25 February 2014Trademarks

EU Parliament approves ‘goods-in-transit’ powers

The European Parliament has unanimously backed powers for customs bodies to seize counterfeit goods travelling through the EU.

Until now, customs can detain only fake goods suspected of entering the single market, rather than those heading for beyond EU borders.

The changes, approved today, February 25, will allow authorities to seize goods destined for non-EU countries too. They should make it easier to prevent fakes from entering other markets as well as being diverted back to the single market.

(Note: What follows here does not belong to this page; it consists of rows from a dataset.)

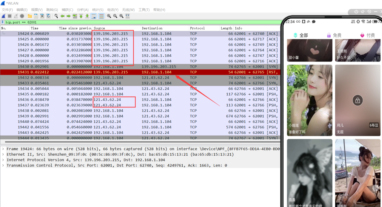 抓包看到SDK跟分配的节点203.215进行通讯,在IP为203.215的节点里面将加密隧道程序断开,模拟节点被攻击产生无法访问的情况。抓包看到SDK迅速切换到分配给用户的第二个可用IP62.24所有的切换都是无感知进行的。为了避免攻击者重复拉取全部节点池,SDK的验证端做了身份识别,token、deviceid等方式进行验证。每个用户分配的一组3个ip都不会重复,如果攻击者打死分配给他的节点IP,也只会影响到黑客自己。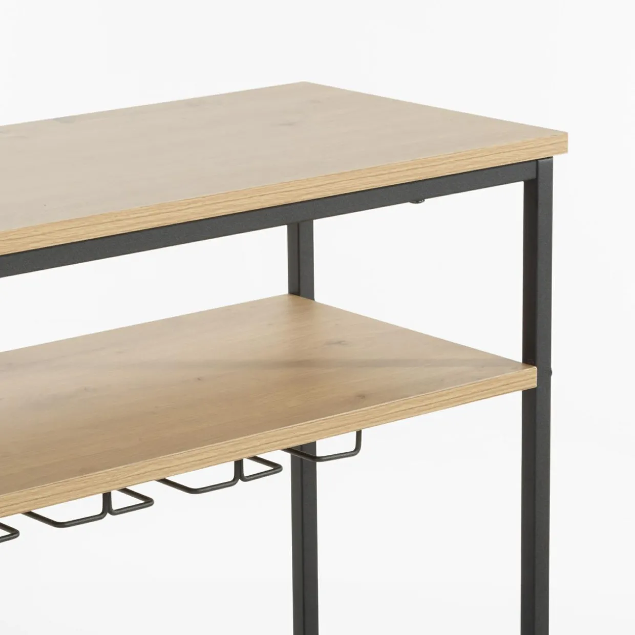 - Praktyczne półki – górna półka świetnie sprawdzi się na akcesoria barowe, a dolne poziomy na butelki lub inne przedmioty.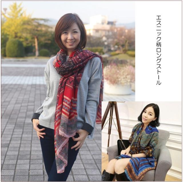 キレイ系の配色で女子力UP★エスニック柄ロングストール 全2色 | ||||||||

EU lawmakers approved the changes by 631 to 19, while 25 abstained. The draft law was already informally agreed with national governments.

According to the parliament, less than one percent of the proceeds of crimes such as counterfeiting is frozen and confiscated.

"Our priority must be to follow the money across borders and confiscate criminals' profits. Only then can we hope to reduce serious crime,” said rapporteur Monica Luisa Macovei.

In a statement, a number of business and IP organisations, including the International Trademark Association and Marques, said the changes are “robust”.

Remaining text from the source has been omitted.